* _Assignment_
Please set out each line below exactly as it stands, without the images.

* _Collected material_
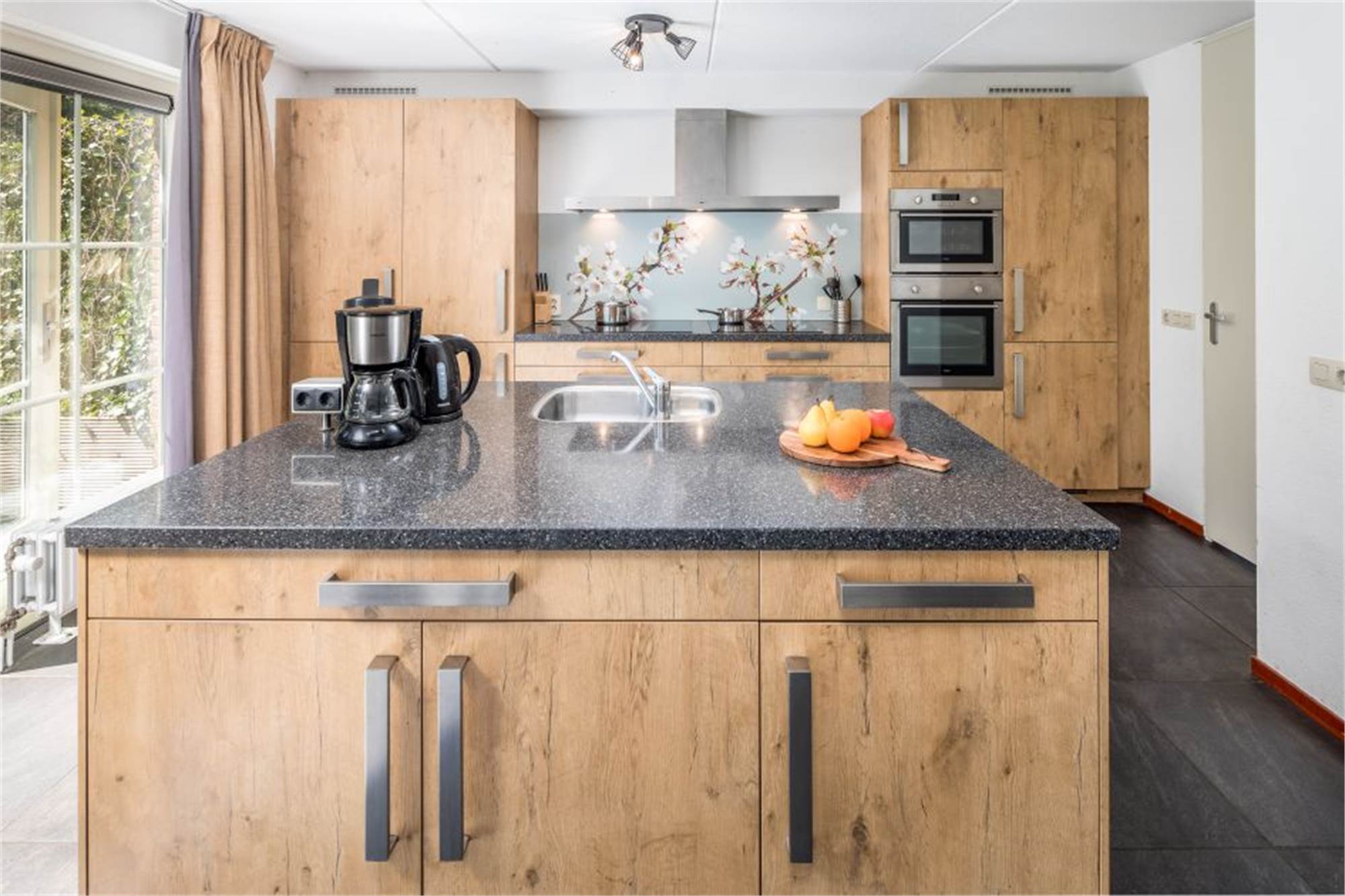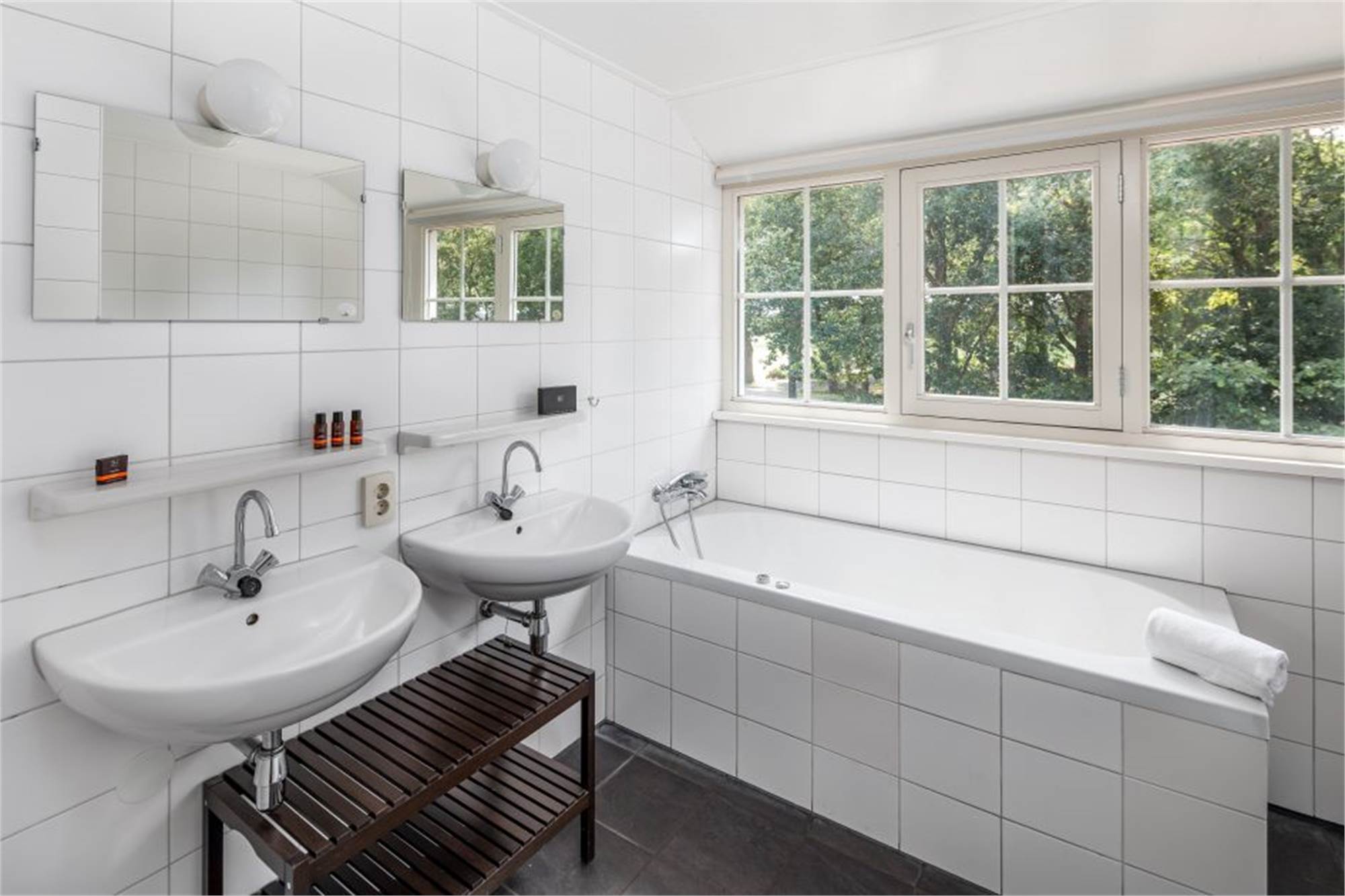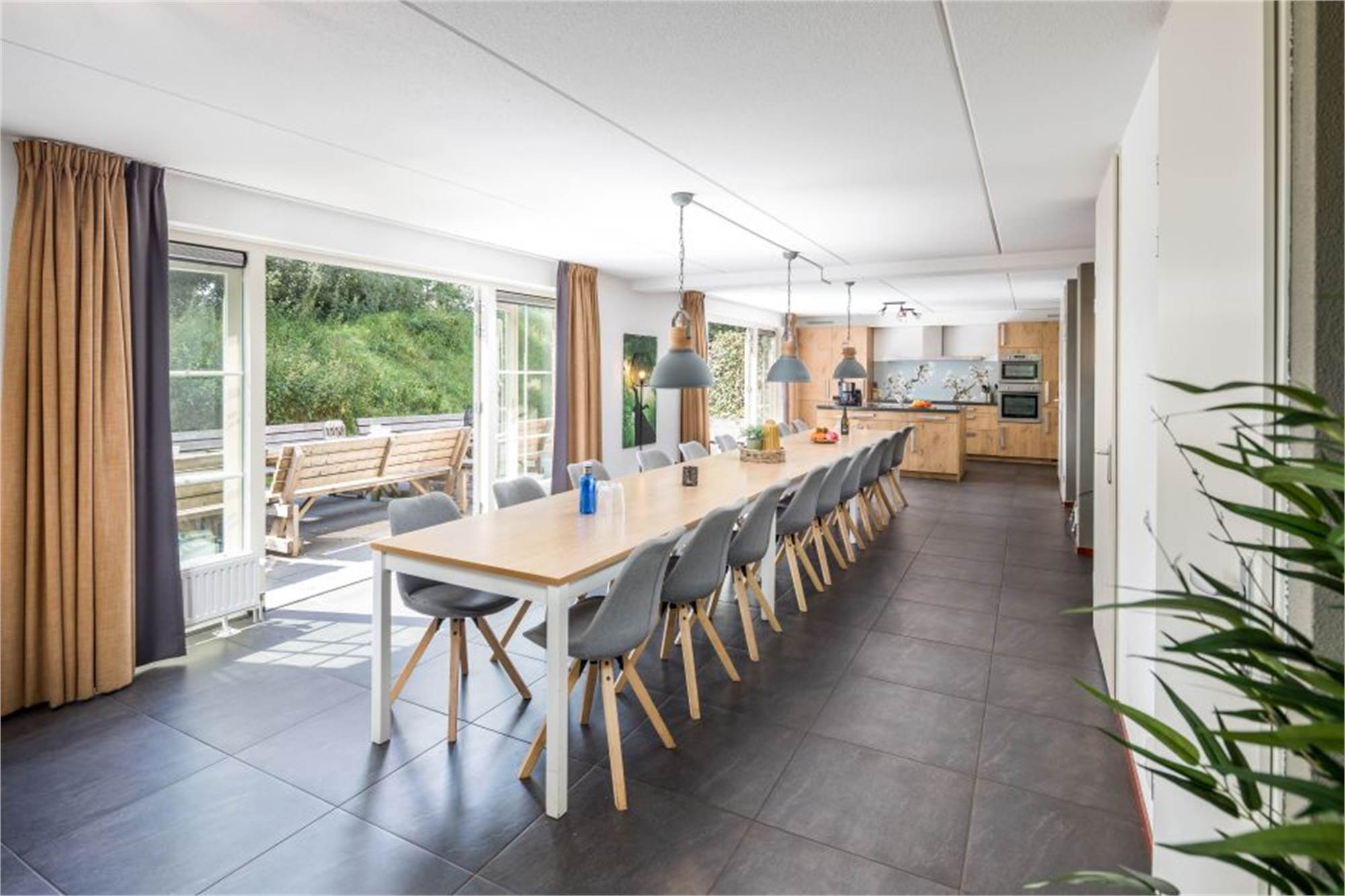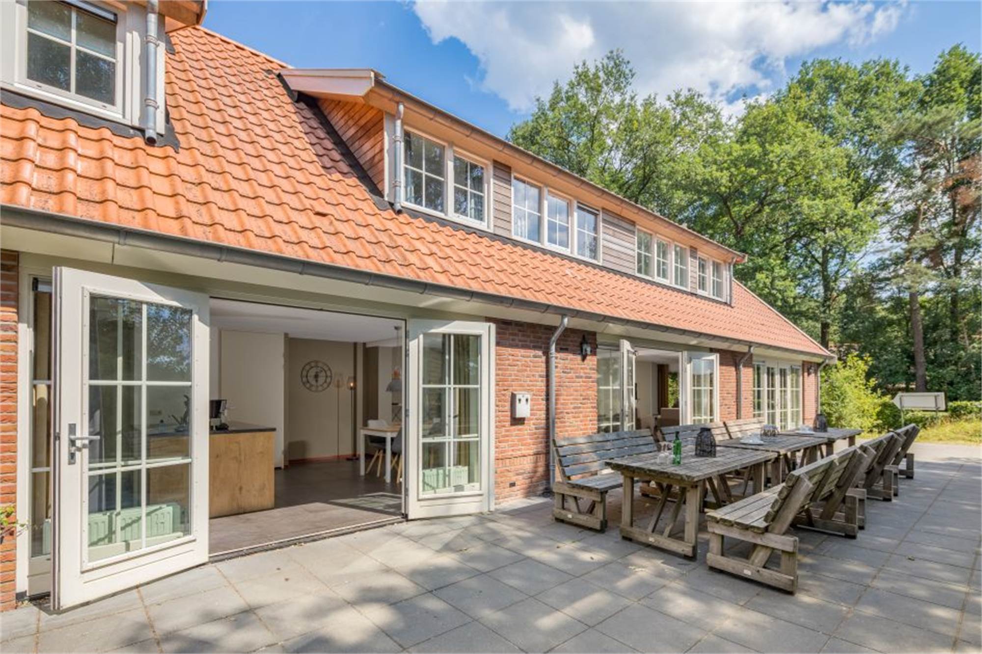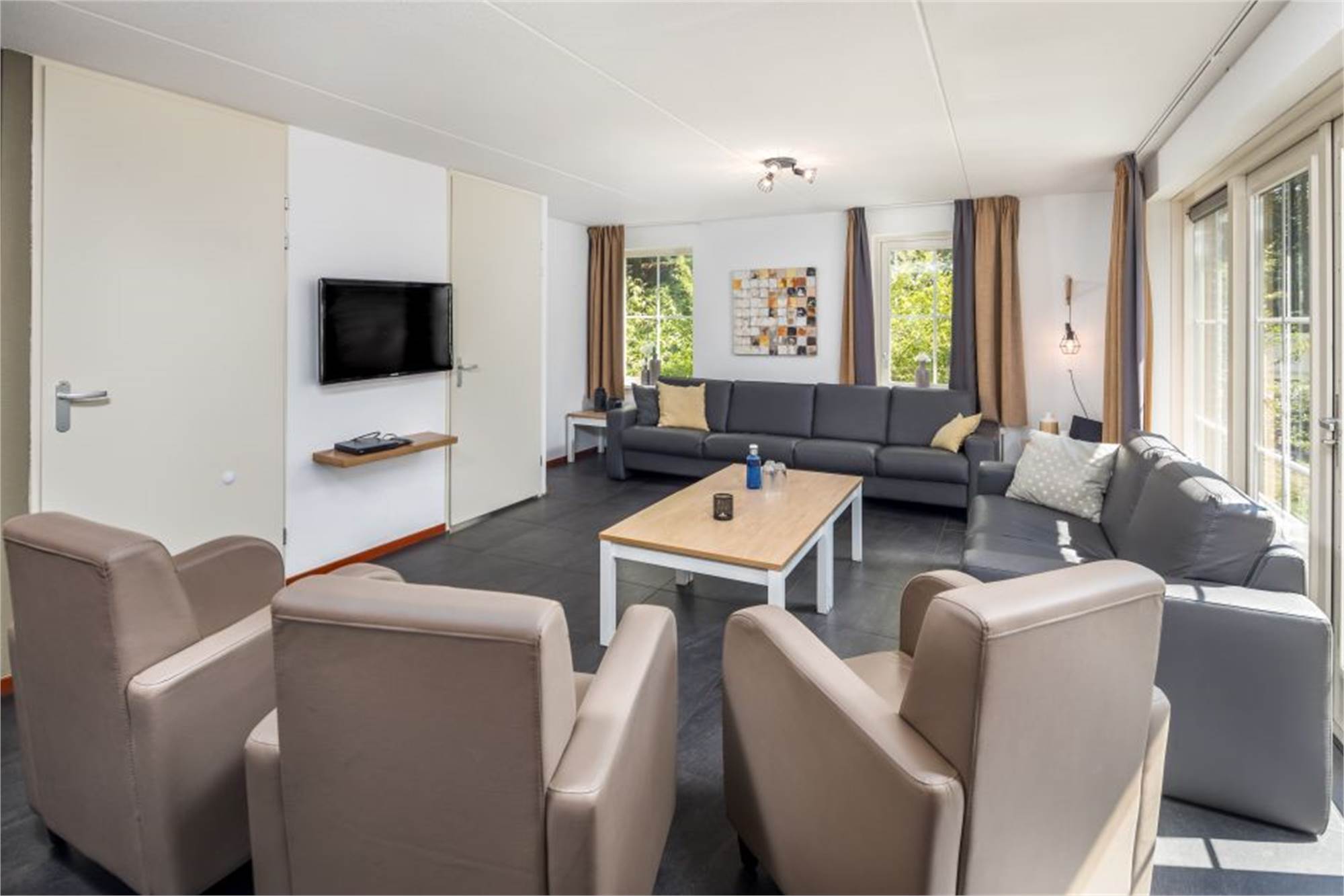Ground floor: spacious living room with free Wi-Fi access, flatscreen tv, DVD player and living and dining area with combination microwave, oven, two refrigerators with freezer, coffeepad machine and two dishwashers. Three bathrooms with showers and washbasins. Three bedrooms with two single box spring beds each. Washing machine, dryer and separate toilet. Storage room.
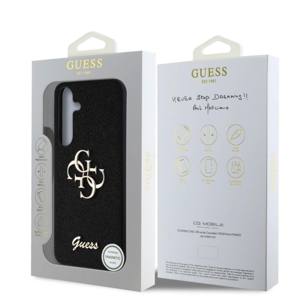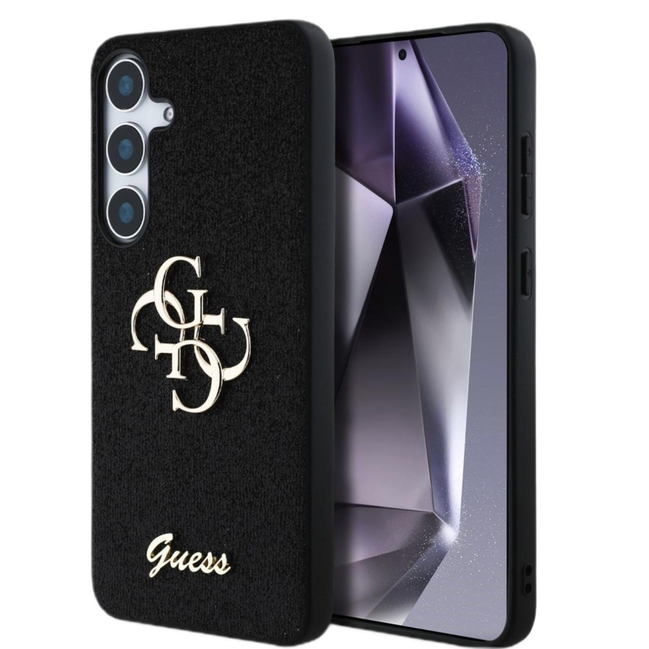 Guess Hoesje Vaste Glitter 4G Metalen Logo Samsung Galaxy S25 Zwart
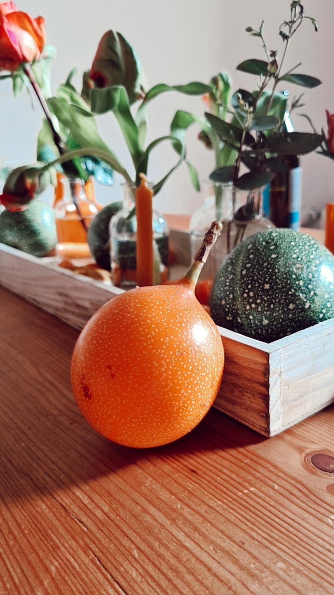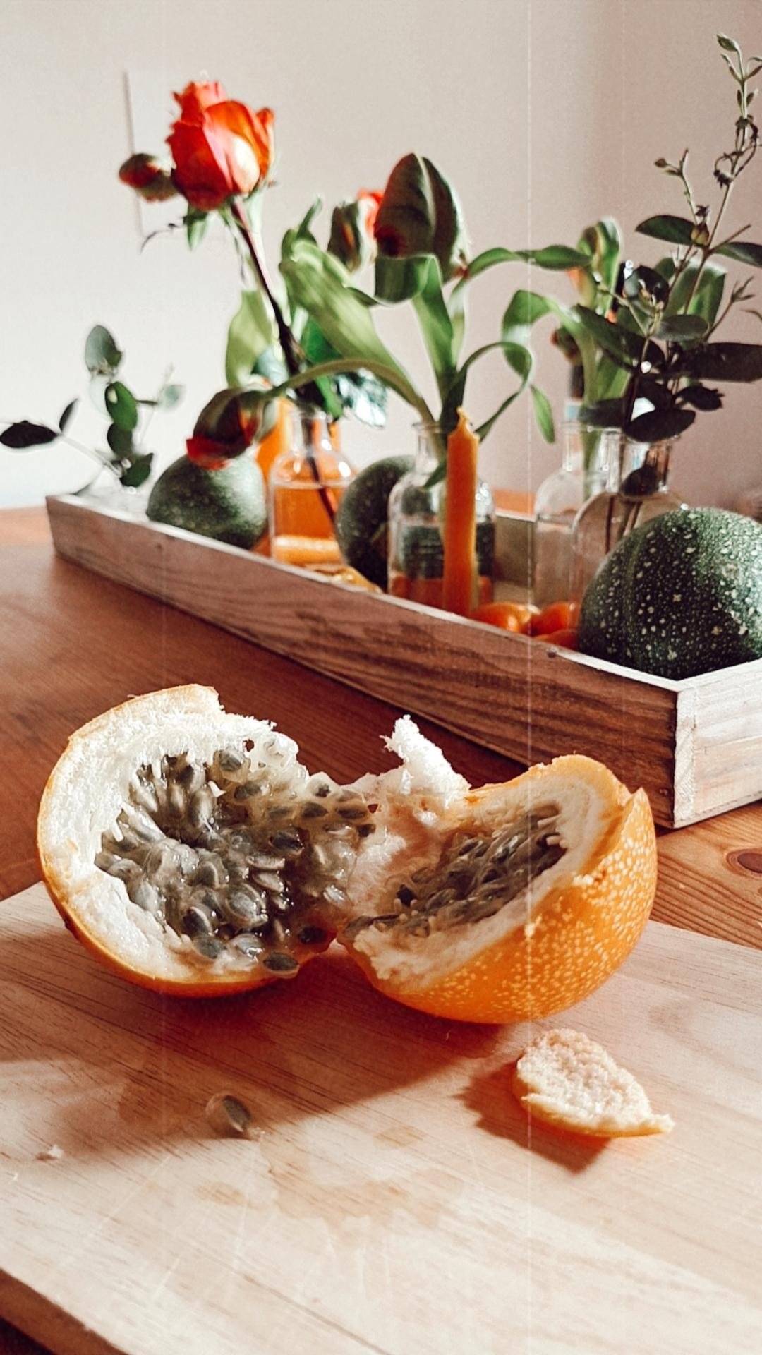 Dieses kleine Früchtchen stieß mir auf dem Wochenmarkt ins Auge. Obwohl die Verkäuferinnen vergessen hatten, wie sie heißt, packte ich eine ein. Sie ist einfach so schön orange! Da kann ich nicht widerstehen. UND ich dachte, dass es sich um eine neue, mir unbekannte, ungewöhnlich schmeckende Frucht handelt – ich war neugierig. Ein wenig war ich enttäuscht – es ist einfach eine M a r a c u j a ! Hättet Ihr`s gewusst? Ich dachte immer, Maracuja sei ein Synonym für Passionsfrucht. In Wahrheit ist die Passionsfrucht, die, die wir aus dem Supermarkt kennen – seine Schwester mit einer purpurfarbenen Schale. Und das hier eben eine Maracuja. Das Fruchtfleisch hinter den dicken Schalen sieht sich hingegen sehr ähnlich und schmeckt auch fast gleich, das eine ein bisschen säuerlicher. Die Enttäuschung wich, denn einmal aufgeschnitten, nutzte ich das Fruchtfleisch spontan als Topping (neben Sprossen, Parmesan und Kräutern). Eine großartige Fügung, die fruchtige Note rundete dieses Gericht perfekt ab!

* _Answer to this task_
Ground floor: spacious living room with free Wi-Fi access, flatscreen tv, DVD player and living and dining area with combination microwave, oven, two refrigerators with freezer, coffeepad machine and two dishwashers. Three bathrooms with showers and washbasins. Three bedrooms with two single box spring beds each. Washing machine, dryer and separate toilet. Storage room.
 Guess Hoesje Vaste Glitter 4G Metalen Logo Samsung Galaxy S25 Zwart
 Dieses kleine Früchtchen stieß mir auf dem Wochenmarkt ins Auge. Obwohl die Verkäuferinnen vergessen hatten, wie sie heißt, packte ich eine ein. Sie ist einfach so schön orange! Da kann ich nicht widerstehen. UND ich dachte, dass es sich um eine neue, mir unbekannte, ungewöhnlich schmeckende Frucht handelt – ich war neugierig. Ein wenig war ich enttäuscht – es ist einfach eine M a r a c u j a ! Hättet Ihr`s gewusst? Ich dachte immer, Maracuja sei ein Synonym für Passionsfrucht. In Wahrheit ist die Passionsfrucht, die, die wir aus dem Supermarkt kennen – seine Schwester mit einer purpurfarbenen Schale. Und das hier eben eine Maracuja. Das Fruchtfleisch hinter den dicken Schalen sieht sich hingegen sehr ähnlich und schmeckt auch fast gleich, das eine ein bisschen säuerlicher. Die Enttäuschung wich, denn einmal aufgeschnitten, nutzte ich das Fruchtfleisch spontan als Topping (neben Sprossen, Parmesan und Kräutern). Eine großartige Fügung, die fruchtige Note rundete dieses Gericht perfekt ab!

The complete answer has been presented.